China’s Beijing Automotive Industry Holding (BAIC) said intellectual property rights concerns were to blame for its failure to reach agreement with General Motors on the sale of the US firm’s Opel unit.
General Motors said Thursday that it was no longer in talks with BAIC on the sale of its European unit Opel, based in Germany, leaving just Canadian auto parts maker Magna and Belgium-based RHJ International in the race.
“We had kept communications with the US General Motors in the negotiations on intellectual property rights issues… Regrettably, both parties failed to reach agreement on this issue,” BAIC said in a statement.
“We understand and respect GM’s choice,” it said.
BAIC did not elaborate on the exact nature of the property rights concerns, except to say that it had planned to combine its knowledge about the Chinese market and Opel’s strength in research and development.

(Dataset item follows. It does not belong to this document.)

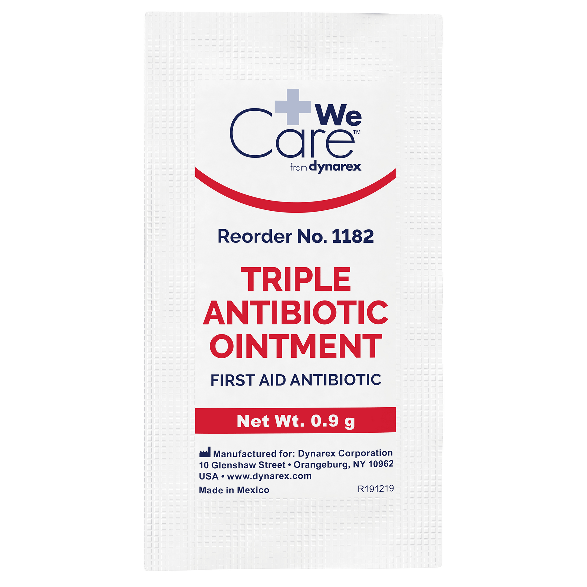 Dynarex Triple Antibiotic Ointment is a topical antibiotic designed to help minimize the risk of infection in minor cuts, scrapes, and burns. The triple-acting formula helps repair skin and inhibit the growth of harmful bacteria. This high-quality Ointment is available in convenient single-use packets for effortless kit-packing and easy-open tubes for quick application.

“(We) would maintain GM’s stake in Opel to the largest extent, ensure Opel’s market share in Europe and support Opel’s expansion into the Chinese market,” it said.
A spokesman for German Chancellor Angela Merkel has said Berlin hopes to thrash out an agreement with GM in the next few weeks.
Berlin favours the Magna bid, as do regional German governments involved in the talks and powerful unions.
While the final decision lies with GM, the German government is set to stump up billions of euros (dollars) in loan guarantees to sweeten any takeover deal in a bid to save tens of thousands of jobs.
BAIC had offered 660 million euros for a 51 percent stake and wanted considerably less than rival bidders — 2.6 billion euros — in German government guarantees.
However, it was always seen as the least favoured bidder.
Analysts have doubted BAIC’s ability to take over and run a global brand, citing the failure by China’s largest carmaker, SAIC Motor, to handle South Korea’s Ssangyong Motor, in which SAIC had taken a 51.3 percent stake.
Ssangyong filed for bankruptcy protection in January.